An important perspective has been added in this year’s report, which is that of APS employees. In May–June this year a representative sample of APS employees was surveyed on a range of topics. While the APS Commission has drawn on agency employee surveys in the past, this is the first time the Commission has conducted a survey itself of APS employees. While the results need to be analysed with care, and as a first survey they provide no direct evidence of trends, they do add significant weight to the analysis presented in this report.

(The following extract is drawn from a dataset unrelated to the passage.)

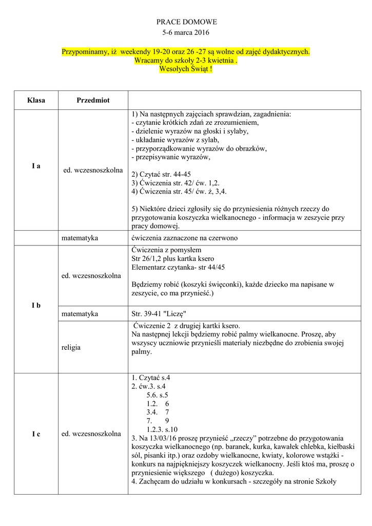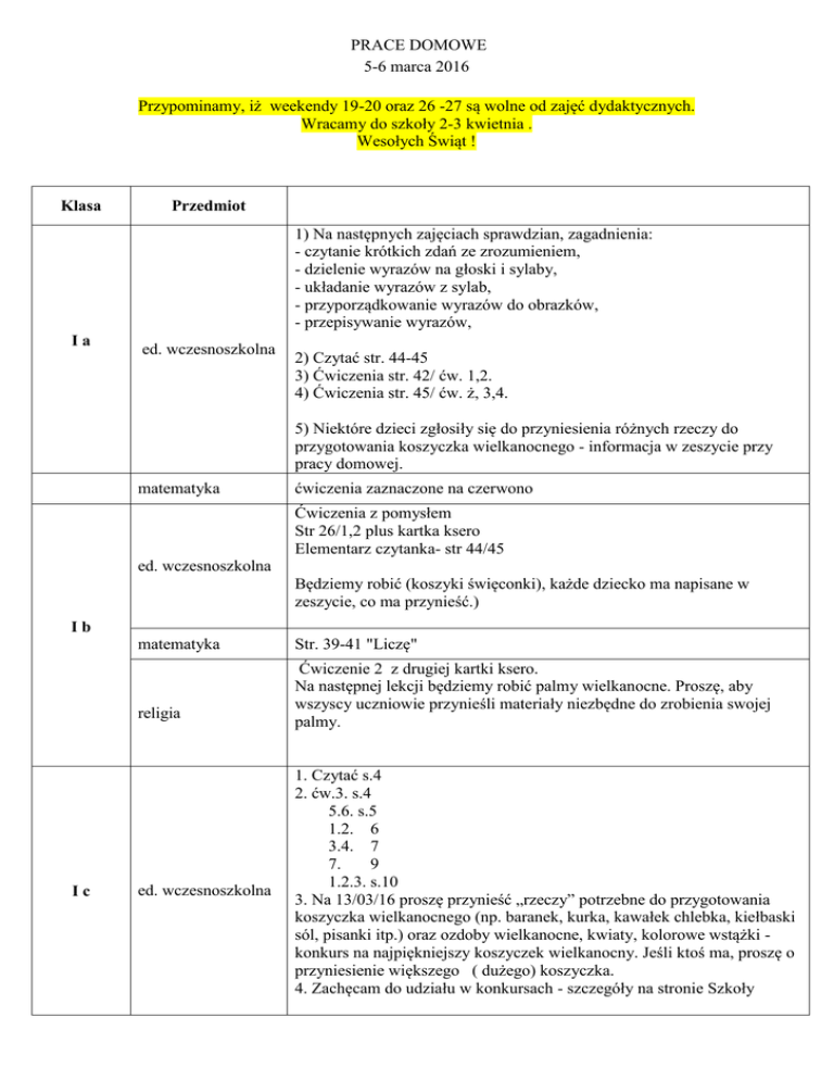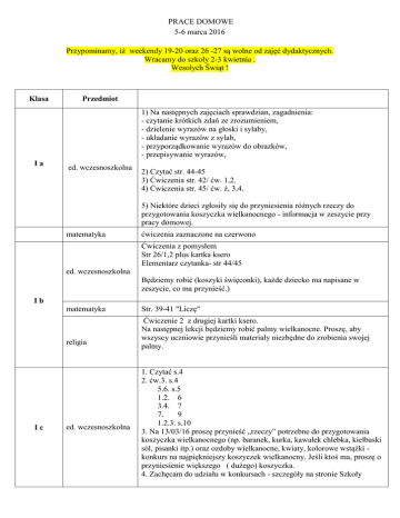 PRACE DOMOWE 5-6 marca 2016 Przypominamy, iż weekendy 19-20 oraz 26 -27 są wolne od zajęć dydaktycznych. Wracamy do szkoły 2-3 kwietnia . Wesołych Świąt ! Klasa Przedmiot 1) Na następnych zajęciach sprawdzian, zagadnienia: - czytanie krótkich zdań ze zrozumieniem, - dzielenie wyrazów na głoski i sylaby, - układanie wyrazów z sylab, - przyporządkowanie wyrazów do obrazków, - przepisywanie wyrazów, Ia ed. wczesnoszkolna 2) Czytać str. 44-45 3) Ćwiczenia str. 42/ ćw. 1,2. 4) Ćwiczenia str. 45/ ćw. ż, 3,4. 5) Niektóre dzieci zgłosiły się do przyniesienia różnych rzeczy do przygotowania koszyczka wielkanocnego - informacja w zeszycie przy pracy domowej. matematyka ćwiczenia zaznaczone na czerwono Ćwiczenia z pomysłem Str 26/1,2 plus kartka ksero Elementarz czytanka- str 44/45 ed. wczesnoszkolna Będziemy robić (koszyki święconki), każde dziecko ma napisane w zeszycie, co ma przynieść.) Ib matematyka religia Ic ed. wczesnoszkolna Str. 39-41 "Liczę" Ćwiczenie 2 z drugiej kartki ksero. Na następnej lekcji będziemy robić palmy wielkanocne. Proszę, aby wszyscy uczniowie przynieśli materiały niezbędne do zrobienia swojej palmy. 1. Czytać s.4 2. ćw.3. s.4 5.6. s.5 1.2. 6 3.4. 7 7. 9 1.2.3. s.10 3. Na 13/03/16 proszę przynieść „rzeczy” potrzebne do przygotowania koszyczka wielkanocnego (np. baranek, kurka, kawałek chlebka, kiełbaski sól, pisanki itp.) oraz ozdoby wielkanocne, kwiaty, kolorowe wstążki konkurs na najpiękniejszy koszyczek wielkanocny. Jeśli ktoś ma, proszę o przyniesienie większego ( dużego) koszyczka. 4. Zachęcam do udziału w konkursach - szczegóły na stronie Szkoły religia język polski II a matematyka religia II b język polski Ćwiczenie 2 z drugiej kartki ksero. Na następnej lekcji będziemy robić palmy wielkanocne. Proszę, aby wszyscy uczniowie przynieśli materiały niezbędne do zrobienia swojej palmy. 1. Ćwiczyć pisownię wyrazów z "h" i "ch" oraz wyrazy pokrewne ( rodzina wyrazów ) 2. SPRAWDZIAN 12/03/16 - materiał gramatyczno - ortograficzny w zeszycie - układanie wyrazów w kolejności alfabetycznej - pisownia wyrazów z utratą dźwięczności "rz" wymiennym ze spółgłoskami miękkimi 3. ćw.1.2. s.3 1.2.3.4. s.4 5.6. 5 1.2. 6 1.2.3. 7 4. Czytac s.4-5 kartka ksero 5. Na 12/03/16 proszę przynieść „rzeczy” potrzebne do przygotowania koszyczka wielkanocnego (np. baranek, kurka, kawałek chlebka, kiełbaski, sól, pisanki itp.) oraz ozdoby wielkanocne, kwiaty, kolorowe wstążki konkurs na najpiękniejszy koszyczek wielkanocny. Jeśli ktoś ma, proszę o przyniesienie większego ( dużego) koszyczka.. 6. Zachęcam do udziału w konkursach - szczegóły na stronie Szkoły ćwiczenia do s.31 Brak zadania domowego. Na następnej lekcji będziemy robić palmy wielkanocne. Proszę, aby wszyscy uczniowie przynieśli materiały niezbędne do zrobienia swojej palmy. 1. Ćwiczyć pisownię wyrazów z "h" i "ch" oraz wyrazy pokrewne ( rodzina wyrazów ) 2. SPRAWDZIAN 13/03/16 - materiał gramatyczno - ortograficzny w zeszycie - układanie wyrazów w kolejności alfabetycznej - pisownia wyrazów z utratą dźwięczności "rz" wymiennym ze spółgłoskami miękkimi 3. ćw.1.2. s.3 1.3.4. s.4 5.6. 5 1.2. 6 1.2.3. 7 4. Czytac s.4-5 kartka ksero 5. Na 13/03/16 proszę przynieść „rzeczy” potrzebne do przygotowania koszyczka wielkanocnego (np. baranek, kurka, kawałek chlebka, kiełbaski sól, pisanki itp.) oraz ozdoby wielkanocne, kwiaty, kolorowe wstążki konkurs na najpiękniejszy koszyczek wielkanocny. Jeśli ktoś ma, proszę o przyniesienie większego ( dużego) koszyczka. 6. Zachęcam do udziału w konkursach - szczegóły na stronie Szkoły religia matematyka Brak zadania domowego. Na następnej lekcji będziemy robić palmy wielkanocne. Proszę, aby wszyscy uczniowie przynieśli materiały niezbędne do zrobienia swojej palmy. ćwiczenia do s.12 1) Na następnych zajęciach sprawdzian, zagadnienia: - czytanie ze zrozumieniem, - pisanie ze słuchu, - rzeczowniki, czasowniki, przymiotniki - rozróżnianie, - określanie liczby, osoby i czasu czasowników, - wyrazy o znaczeniu przeciwnym, III a język polski 2) Przynosimy książki cz. 4. 3) Wykonać ćwiczenia na kartkach ksero. 4) Niektóre dzieci zgłosiły się do przyniesienia różnych rzeczy do przygotowania koszyczka wielkanocnego - informacja w zeszycie przy pracy domowej matematyka Rozdziały 19-22 cz. 3 K.P 1/1 K.P 1/5 Mazurek Dąbrowskiego- na pamięć język polski III b Będziemy robić (koszyki święconki), każde dziecko ma napisane w zeszycie, co ma przynieść.) matematyka Rozdziały 1-4 cz. 4 język polski Ćw. 1, 2, 4 str. 61-62 Ćwiczyć role do przedstawienia. Dziewczynki, które dostały teksty piosenek proszę, aby przesłuchały je na YOU TUBE. Proszę, aby uczniowie biorący udział w przedstawieniu wielkanocnym mieli przebrania odpowiednie do swoich ról. Przypominam o przyniesieniu rzeczy do koszyczka wielkanocnego WOP Proszę przynieść różne informacje na teamt ekologii, ochrony środowiska. matematyka Str. 29,30,31,32 Zeszyt ćw.2 IV język polski Va WOP 1. Podręcznik str. 162 ćw. 2 i 4 2. Czytamy kolejne 4 rozdziały lektury- termin 2 kwietnia 3. Dla chętnych na „6” – Zredaguj własny mit i powstaniu świata 4. Przypominam o przyniesieniu rzeczy do koszyczka wielkanocnego 5. Przygotować zeszyty i ćwiczenia do kontroli Proszę przygotować się do sprawdzianu - 1. Kto był ostatnim królem Polski? 2. Wyjaśnij pojęcie ,,obiady czwartkowe". 3. Podaj daty rozbiorów oraz kto w nich uczestniczył. 4. Kiedy została powołana i czym się zajmowała Komisja Edukacji Narodowej? 5. Kiedy została uchwalona i jakie zasady zawierała Konstytucja 3 maja? 6. Przeciwko czemu została zawiązana konfederacja targowicka? 7. Kiedy wybuchło powstanie kościuszkowskie? 8. Co zawierał uniwersał połaniecki? 9. Wymień cechy stylu barokowego. 10. Wymień najważniejsze wynalazki epoki oświecenia. matematyka j

The views of employees also provide something of a reality check against the perspective of managers necessarily reflected in the agency survey we have conducted each year for these reports.
Apart from providing an important perspective to each of the issues canvassed in this report, the employee survey also provides an indication of overall job satisfaction on a range of factors employees considered important, including good working relationships, flexible work arrangements, interesting work, using and developing their skills, and salary. The vast majority of APS employees (76%) reported that, on average, they were satisfied with the factors they nominated as most important to them.
The high levels of overall job satisfaction reported by APS employees is good news, as is the fact that the two workplace factors that were rated as most important in terms of impacting on job satisfaction (i.e. good working relationships and flexible working arrangements) received the highest satisfaction ratings (over 80%).
The changing APS
This year’s State of the Service report is the fourth prepared under the PS Act. It examines an APS that looks remarkably different from the APS of ten years ago. The structure of the APS, for example, has changed considerably over the past decade. A period of restructure and reduction in size and function has been followed by a recent period of significant growth (Chapter 2). The growth experienced in 2002–03 reflects the Government’s priorities in such areas as security and border protection, but also increased workloads in some agencies.
Over the last year there has been a general consolidation of trends towards an older and more skilled workforce. This is shown, for example, in the continuing falls in recruitment at the APS 1 and 2 levels of the APS, a focus on the APS 3–4 levels as the principal level for recruitment into the APS and the high proportion of recruits who have tertiary qualifications. The ‘typical’ new starter in the APS is now a 31 year old with tertiary qualifications who is at the APS 4 level and more likely to be a woman than a man.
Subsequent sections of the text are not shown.